Pedagang Hadrahmaut yang datang ke Blambangan menjadi salah satu pembawa agama Islam sebelum abad 18 yang masih bercorak Hindu. Islam baru berkembang pesat setelah VOC / Belanda yang bekerjasama dengan Mataram menguasai Blambangan sekitar tahun 1774. Belanda berkepentingan terhadap Islamisasi Blambangan untuk memutus Blambangan dari Bali yang beragama Hindu. Selama ini Bali mempertahankan Blambangan karena menjadi benteng kerajaan Hindu terakhir di Pulau Jawa.

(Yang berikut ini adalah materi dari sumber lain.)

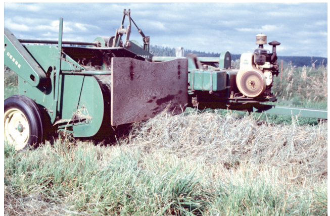
Slide 14. Windrowing and baling must take place on the same day to prevent rehydrating.

Di awal abad ke-18, saat pemerintahan Bupati Pringgokusumo, seorang ulama Hadramaut, Sayyid Datuk Abdurahim Bauzir, di tunjuk untuk menyebarkan Islam di Banyuwangi. Menurut Hasyim (2011:4), Abdurahim Bauzir menginjakkan kaki di bumi Nusantara tahun 1800-an. Pertama datang ia memilih Blambangan sebagai daerah transit sebelum akhirnya melanjutkan syiar Islam ke perkampungan Melayu, Loloan, Jembrana Bali. Di Loloan, Datuk Ibrahim Bauzir menikahi seorang gadis setempat Zaenab dan memiliki putra pertama bernama Syekh Sayyid bakar Bauzir. Namun anak dan istrinya meninggal dan dimakamkan di Loloan. Datuk Ibrahim memilih kembali ke Banyuwangi dan bertempat tinggal di Kampung Arab bersama putra keduanya Datuk Ahmad, dan seorang sahabat karibnya Syekh Hasan hingga Datuk Ibrahim meninggal di tahun 1876 dan dimakamkan di pemakaman khusus di Kampung Arab Jalan Basuki Rahmat Banyuwangi.

2. Sosial dan Pendidikan.

Komunitas Arab yang tinggal turun temurun mendirikan organisasi kemasyarakatan yang bergerak di bidang pendidikan, dakwah dan sosial. Organisasi yang pertama kali terbentuk adalah Jamiat Khair kemudian di susul dengan berdirinya Al-Irsyad Al-Islamiyyah. Organisasi ini berperan penting dalam pergerakan nasional mendorong kemerdekaan Indonesia serta mencerdaskan bangsa.
Jamiat Khair membuka cabang di Banyuwangi yang dikenal dengan nama Al-Khairiyah oleh Hasan Abu Bakar pada tahun 1930. Sedangkan organisasi yang kedua yang menjadi gerakan Islam modern dan reformis yaitu Jam’iyat Al-Ishlah wal Irsyad Al-Arabiyyah yang kemudian dikenal dengan Al-Irsyad Al-Islamiah yang berdiri di Banyuwangi pada tahun 1927 dengan kegiatan bersifat sosial dengan konsentrasi utama pada bidang pendidikan. 
 
Peran pendidikan - Al-Irsyad

 3. Adat dan Budaya

Bentuk akulturasi yang paling nampak bagi orang arab dengan penduduk Banyuwangi adalah kesenian musik Hadrah. Oraang Arab lebih dulu mengenalnya dengan sebutan Hajir Marawis, yang digunakan untuk melakukan dakwah kepada masyarakat Banyuwangi untuk memperkenalkan agama Islam melalui kesenian. Namun kesenian ini mengalami perubahan dalam masyarakat Banyuwangi yang tidak dapat langsung dipahami oleh masyarakat. Sehingga orang Banyuwangi mengganti bacaan yang disyairkan dengan seni Diba’ dan barzanji yaitu seni sastra puisi yang bernafaskan islam. Selain itu dalam hal berpakaian juga mempengaruhi masyarakat sekitar yang dulunya memakai kebaya tetapi sekarang mayoritas berpakaian muslim.
 
Pemasangan Henna / Pacar

Viva Historia!!

*Materi ini diringkas dari tulisan Jejak Bangsa Hadramaut di Banyuwangi karya Rossi Prima Yunita yang diterbitkan dalam buku “Banyuwangi Dalam Mozaik 2” oleh Komunitas Pecinta Sejarah Blambangan, 2013.